A **field** is a set of two data items linked together: an attribute and a value. Documents are made up of fields.

An **attribute** is a case-sensitive string that functions as a field's name and allows you to store, access, and describe data.

That data is the field's **value**. Every field has a data type dictated by its value. Every value must be a valid [JSON data type](https://www.w3schools.com/js/js_json_datatypes.asp).

If the value is a string, it **[can contain at most 65535 positions](/resources/help/known_limitations#maximum-number-of-words-per-attribute)**. Words exceeding the 65535 position limit will be ignored.

If a field contains an object, Meilisearch flattens it during indexing using dot notation and brings the object's keys and values to the root level of the document itself. This flattened object is only an intermediary representation—you will get the original structure upon search. You can read more about this in our [dedicated guide](/resources/internals/datatypes#objects).

With [ranking rules](/capabilities/full_text_search/relevancy/ranking_rules), you can decide which fields are more relevant than others.
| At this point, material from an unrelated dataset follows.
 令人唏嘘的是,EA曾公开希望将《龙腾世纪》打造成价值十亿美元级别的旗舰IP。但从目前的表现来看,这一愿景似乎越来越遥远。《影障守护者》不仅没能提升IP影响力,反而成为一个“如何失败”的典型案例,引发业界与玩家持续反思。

For example, you may decide recent movies should be more relevant than older ones. You can also designate certain fields as displayed or searchable.

<Note>
  Some features require Meilisearch to reserve attributes. For example, to use [geosearch functionality](/capabilities/geo_search/getting_started) your documents must include a `_geo` field.

  Reserved attributes are always prefixed with an underscore (`_`).
</Note>

### Displayed and searchable fields

By default, all fields in a document are both displayed and searchable. Displayed fields are contained in each matching document, while searchable fields are searched for matching query words.
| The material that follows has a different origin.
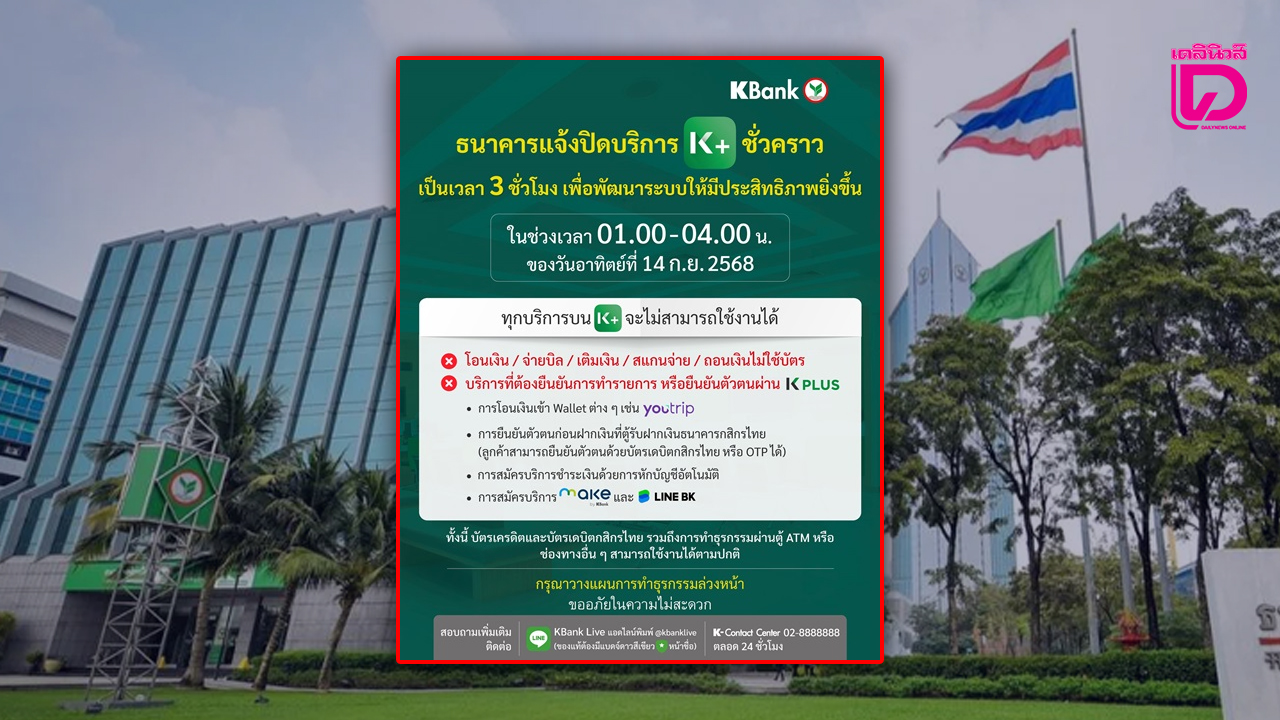 ธนาคารแจ้งปิดบริการ K PLUS ชั่วคราว เป็นเวลา 3 ชั่วโมง เพื่อพัฒนาระบบให้มีประสิทธิภาพยิ่งขึ้น ในวันอาทิตย์ที่ 14 กันยายน 2568 เวลา 01.00–04.00 น. ส่งผลให้ทุกบริการบน K PLUS จะไม่สามารถใช้งานได้ (ไม่สามารถโอนเงิน จ่ายบิล เติมเงิน สแกนจ่าย และถอนเงินไม่ใช้บัตร) รวมถึงบริการที่ต้องยืนยันการทำรายการ หรือยืนยันตัวตนผ่าน K PLUS จะไม่สามารถใช้งานได้ เช่น

You can modify this behavior using the [update settings endpoint](/reference/api/settings/update-all-settings), or the respective update endpoints for [displayed attributes](/reference/api/settings/update-displayedattributes), and [searchable attributes](/reference/api/settings/update-searchableattributes) so that a field is:

* Searchable but not displayed
* Displayed but not searchable
* Neither displayed nor searchable

In the latter case, the field will be completely ignored during search. However, it will still be [stored](/capabilities/full_text_search/how_to/configure_displayed_attributes#data-storing) in the document.

<Note>
  The `fieldDistribution` object returned by the [`/stats` route](/reference/api/stats) is not affected by `searchableAttributes` or `displayedAttributes`. Even if a field is neither displayed nor searchable, it still appears in `fieldDistribution` with its document count. Rely on `displayedAttributes` and permissions, not on stats output, to keep a field name hidden from clients.
</Note>

To learn more, refer to our [displayed and searchable attributes guide](/capabilities/full_text_search/how_to/configure_displayed_attributes).

## Primary field

The primary field is a special field that must be present in all documents. Its attribute is the [primary key](/resources/internals/primary_key#primary-field) and its value is the [document id](/resources/internals/primary_key#document-id). If you try to [index a document](/resources/internals/primary_key#primary-field) that's missing a primary key or possessing the wrong primary key for a given index, it will cause an error and no documents will be added.

To learn more, refer to the [primary key explanation](/resources/internals/primary_key).

## Upload

By default, Meilisearch limits the size of all payloads—and therefore document uploads—to 100MB. You can [change the payload size limit](/resources/self_hosting/configuration/reference#payload-limit-size) at runtime using the `http-payload-size-limit` option.

Meilisearch uses a lot of RAM when indexing documents. Be aware of your [RAM availability](/resources/help/faq#what-are-the-recommended-requirements-for-hosting-a-meilisearch-instance) as you increase your batch size as this could cause Meilisearch to crash.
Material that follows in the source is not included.